--- Records Enclosed Below ---

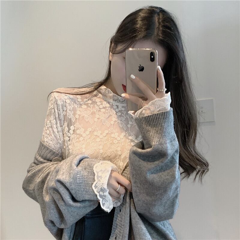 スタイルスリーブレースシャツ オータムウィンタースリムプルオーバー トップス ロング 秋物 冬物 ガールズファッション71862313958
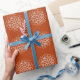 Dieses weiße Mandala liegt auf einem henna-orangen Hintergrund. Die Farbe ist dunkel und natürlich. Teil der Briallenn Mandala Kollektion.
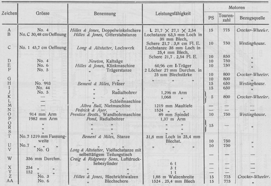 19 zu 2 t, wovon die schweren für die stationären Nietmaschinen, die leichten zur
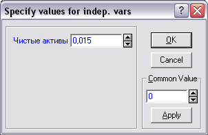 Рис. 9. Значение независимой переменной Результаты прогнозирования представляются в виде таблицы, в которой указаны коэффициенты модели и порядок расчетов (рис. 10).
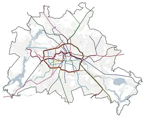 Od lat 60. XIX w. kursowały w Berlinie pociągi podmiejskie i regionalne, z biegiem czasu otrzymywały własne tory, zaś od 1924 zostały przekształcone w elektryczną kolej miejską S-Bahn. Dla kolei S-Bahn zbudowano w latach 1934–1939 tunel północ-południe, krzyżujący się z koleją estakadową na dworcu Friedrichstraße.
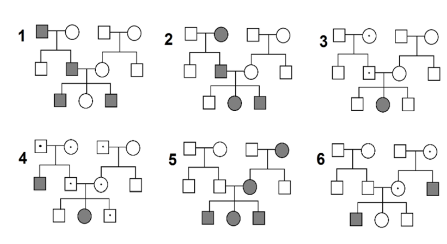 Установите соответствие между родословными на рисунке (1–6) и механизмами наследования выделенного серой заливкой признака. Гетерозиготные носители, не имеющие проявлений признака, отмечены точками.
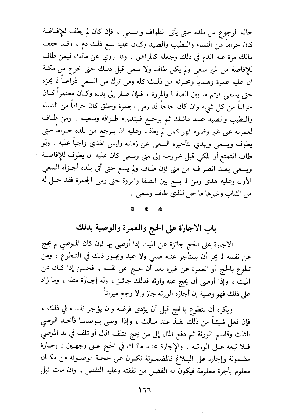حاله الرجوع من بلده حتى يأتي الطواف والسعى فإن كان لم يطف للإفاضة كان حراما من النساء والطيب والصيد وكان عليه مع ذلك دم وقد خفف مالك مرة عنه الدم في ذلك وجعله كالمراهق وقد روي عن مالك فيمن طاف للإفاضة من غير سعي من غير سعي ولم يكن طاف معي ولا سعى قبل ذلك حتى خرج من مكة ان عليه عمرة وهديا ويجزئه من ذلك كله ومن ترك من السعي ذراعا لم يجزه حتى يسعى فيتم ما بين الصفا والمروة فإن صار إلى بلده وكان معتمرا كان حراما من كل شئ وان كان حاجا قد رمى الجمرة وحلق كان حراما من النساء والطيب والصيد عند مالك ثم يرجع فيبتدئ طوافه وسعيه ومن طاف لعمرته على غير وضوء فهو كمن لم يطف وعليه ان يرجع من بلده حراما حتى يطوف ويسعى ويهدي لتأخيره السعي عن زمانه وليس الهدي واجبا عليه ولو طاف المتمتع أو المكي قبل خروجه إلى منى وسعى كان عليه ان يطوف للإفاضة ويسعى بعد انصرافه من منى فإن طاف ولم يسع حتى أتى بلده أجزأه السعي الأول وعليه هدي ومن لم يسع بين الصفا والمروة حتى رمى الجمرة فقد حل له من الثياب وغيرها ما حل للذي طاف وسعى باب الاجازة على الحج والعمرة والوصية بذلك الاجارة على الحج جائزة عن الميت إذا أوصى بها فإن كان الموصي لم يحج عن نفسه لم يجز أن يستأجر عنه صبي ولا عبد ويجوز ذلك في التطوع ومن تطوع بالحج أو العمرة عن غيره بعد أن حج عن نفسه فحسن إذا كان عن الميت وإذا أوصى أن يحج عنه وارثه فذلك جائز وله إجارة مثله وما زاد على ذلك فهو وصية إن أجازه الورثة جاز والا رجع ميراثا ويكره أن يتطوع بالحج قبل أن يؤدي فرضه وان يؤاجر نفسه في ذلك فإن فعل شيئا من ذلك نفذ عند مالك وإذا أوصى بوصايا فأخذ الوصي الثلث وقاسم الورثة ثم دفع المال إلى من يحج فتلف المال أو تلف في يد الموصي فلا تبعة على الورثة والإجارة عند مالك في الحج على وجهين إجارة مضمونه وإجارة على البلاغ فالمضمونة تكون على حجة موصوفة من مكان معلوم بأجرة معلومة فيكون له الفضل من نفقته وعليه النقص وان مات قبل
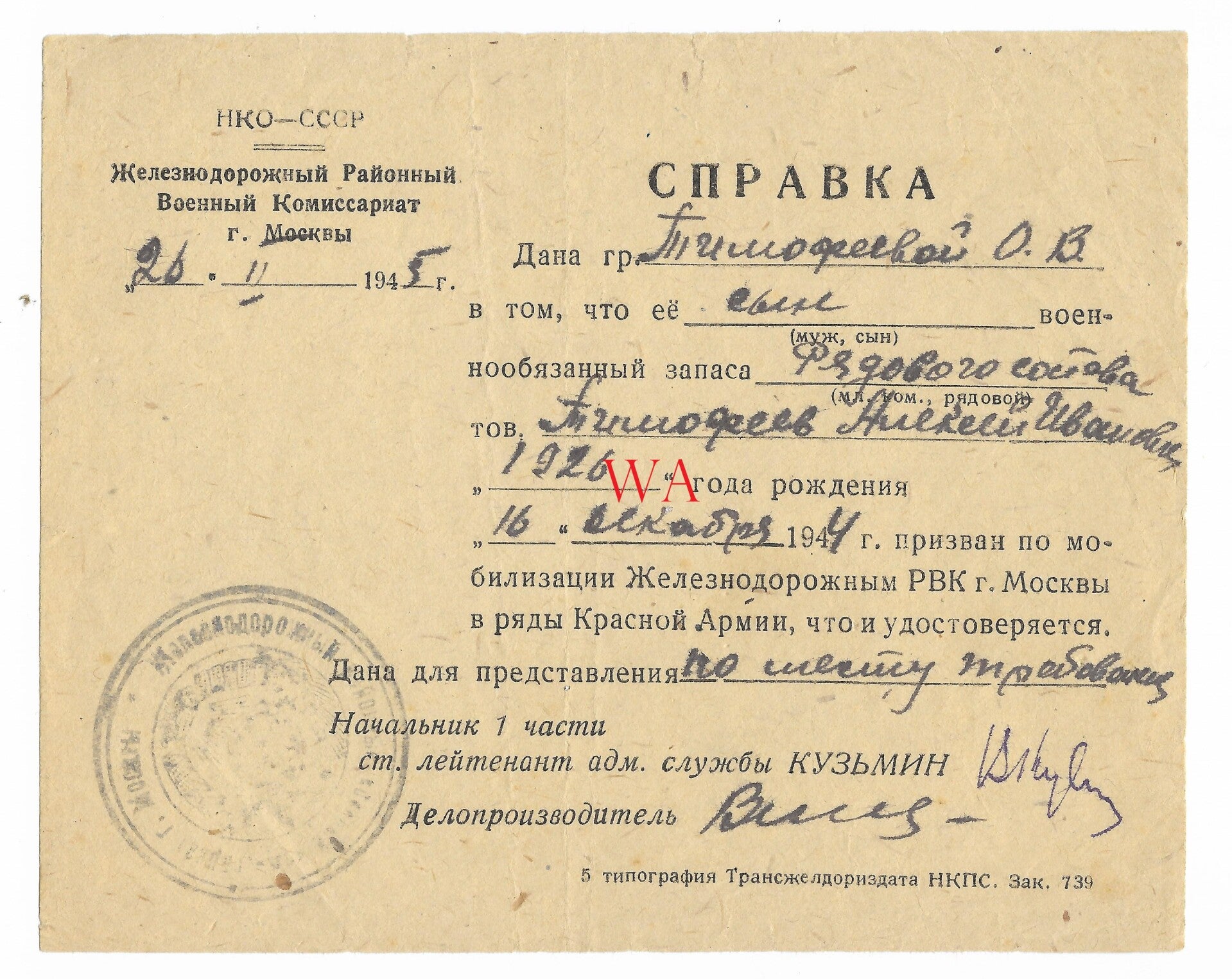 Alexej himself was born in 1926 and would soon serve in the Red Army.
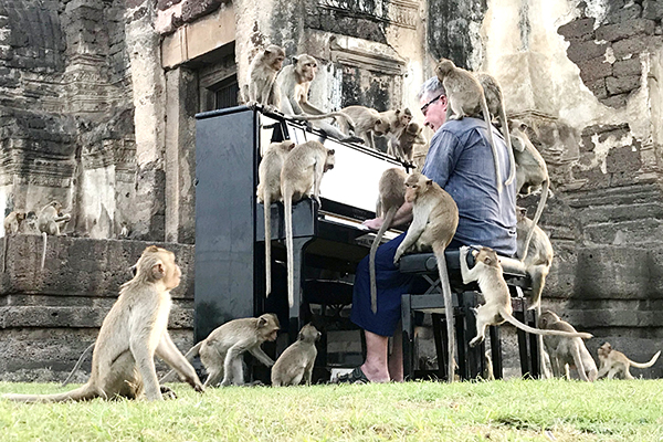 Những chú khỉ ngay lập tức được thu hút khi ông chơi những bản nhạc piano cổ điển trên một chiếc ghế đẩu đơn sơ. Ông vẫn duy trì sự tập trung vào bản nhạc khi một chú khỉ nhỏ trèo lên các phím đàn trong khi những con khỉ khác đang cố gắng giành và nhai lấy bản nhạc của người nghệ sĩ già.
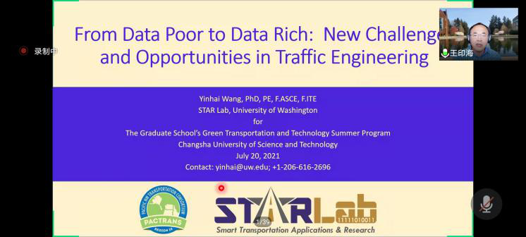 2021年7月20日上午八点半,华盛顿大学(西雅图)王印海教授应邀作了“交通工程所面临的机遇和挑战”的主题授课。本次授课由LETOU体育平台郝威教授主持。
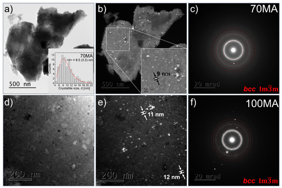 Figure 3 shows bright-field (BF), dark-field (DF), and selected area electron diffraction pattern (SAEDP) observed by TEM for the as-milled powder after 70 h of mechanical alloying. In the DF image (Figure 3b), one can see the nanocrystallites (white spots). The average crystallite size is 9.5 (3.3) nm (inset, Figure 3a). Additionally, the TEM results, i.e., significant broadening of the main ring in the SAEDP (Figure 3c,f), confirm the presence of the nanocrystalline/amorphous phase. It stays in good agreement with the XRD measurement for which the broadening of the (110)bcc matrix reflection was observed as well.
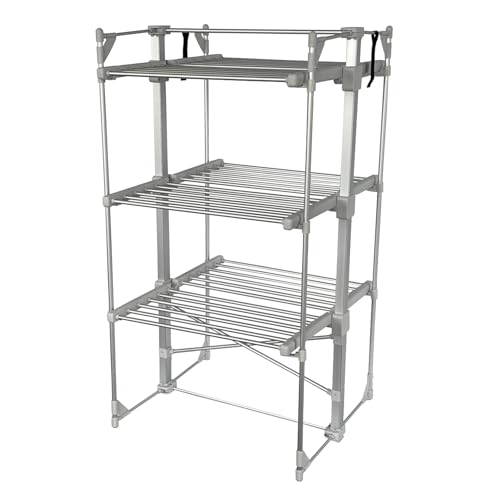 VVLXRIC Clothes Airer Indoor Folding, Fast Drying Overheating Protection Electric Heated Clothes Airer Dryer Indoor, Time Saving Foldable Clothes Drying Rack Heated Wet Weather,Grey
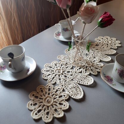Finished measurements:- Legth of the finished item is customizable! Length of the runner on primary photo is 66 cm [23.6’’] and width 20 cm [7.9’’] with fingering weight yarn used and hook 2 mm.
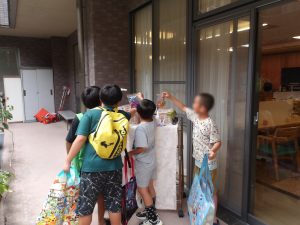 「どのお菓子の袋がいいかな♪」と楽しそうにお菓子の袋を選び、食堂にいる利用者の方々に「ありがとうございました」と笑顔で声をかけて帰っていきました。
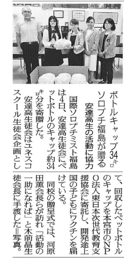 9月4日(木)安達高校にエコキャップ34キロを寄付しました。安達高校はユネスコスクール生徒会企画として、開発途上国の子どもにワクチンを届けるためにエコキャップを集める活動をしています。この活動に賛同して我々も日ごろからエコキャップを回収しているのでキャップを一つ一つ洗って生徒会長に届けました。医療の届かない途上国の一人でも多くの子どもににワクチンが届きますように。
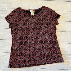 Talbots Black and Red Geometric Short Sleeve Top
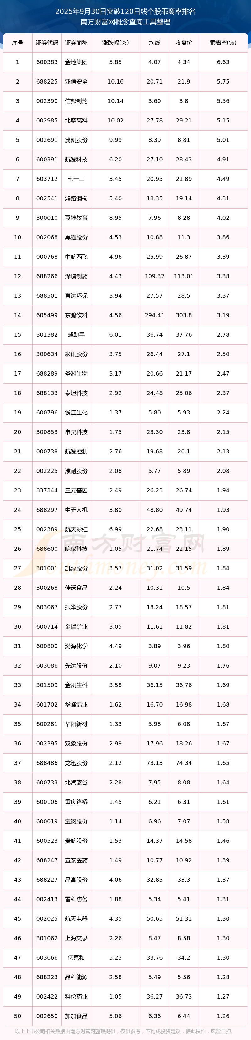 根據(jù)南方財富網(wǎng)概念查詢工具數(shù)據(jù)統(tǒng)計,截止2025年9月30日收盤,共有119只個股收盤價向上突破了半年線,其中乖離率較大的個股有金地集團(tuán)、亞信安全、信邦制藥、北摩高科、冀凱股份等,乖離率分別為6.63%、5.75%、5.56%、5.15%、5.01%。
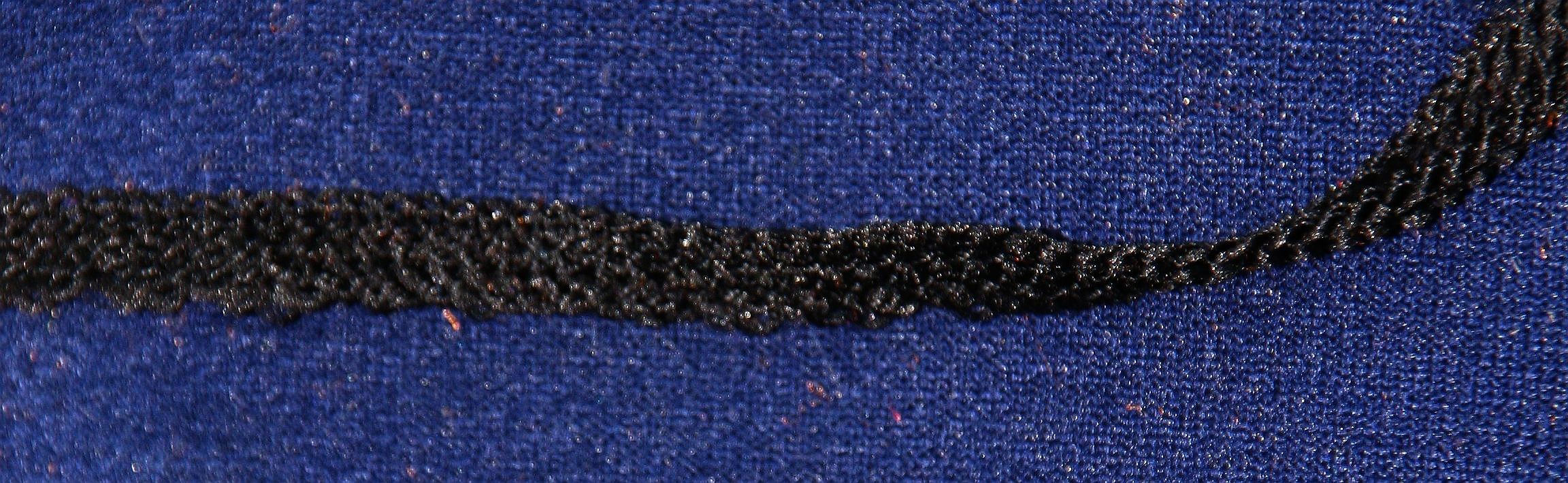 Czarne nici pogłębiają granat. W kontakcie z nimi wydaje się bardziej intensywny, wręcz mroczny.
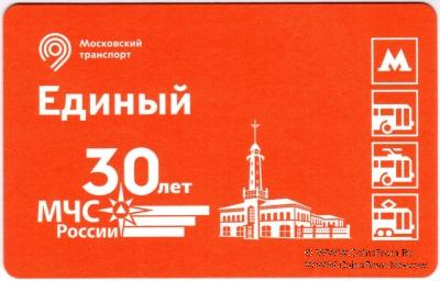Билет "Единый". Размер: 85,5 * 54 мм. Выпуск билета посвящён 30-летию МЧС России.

--- End of Enclosed Records ---

§ **Task description**:
Print the data above verbatim from the first line through the line holding "Dieses weiße Mandala", leaving every picture out.

§ **Result below**:
 スタイルスリーブレースシャツ オータムウィンタースリムプルオーバー トップス ロング 秋物 冬物 ガールズファッション71862313958
 Dieses weiße Mandala liegt auf einem henna-orangen Hintergrund. Die Farbe ist dunkel und natürlich. Teil der Briallenn Mandala Kollektion.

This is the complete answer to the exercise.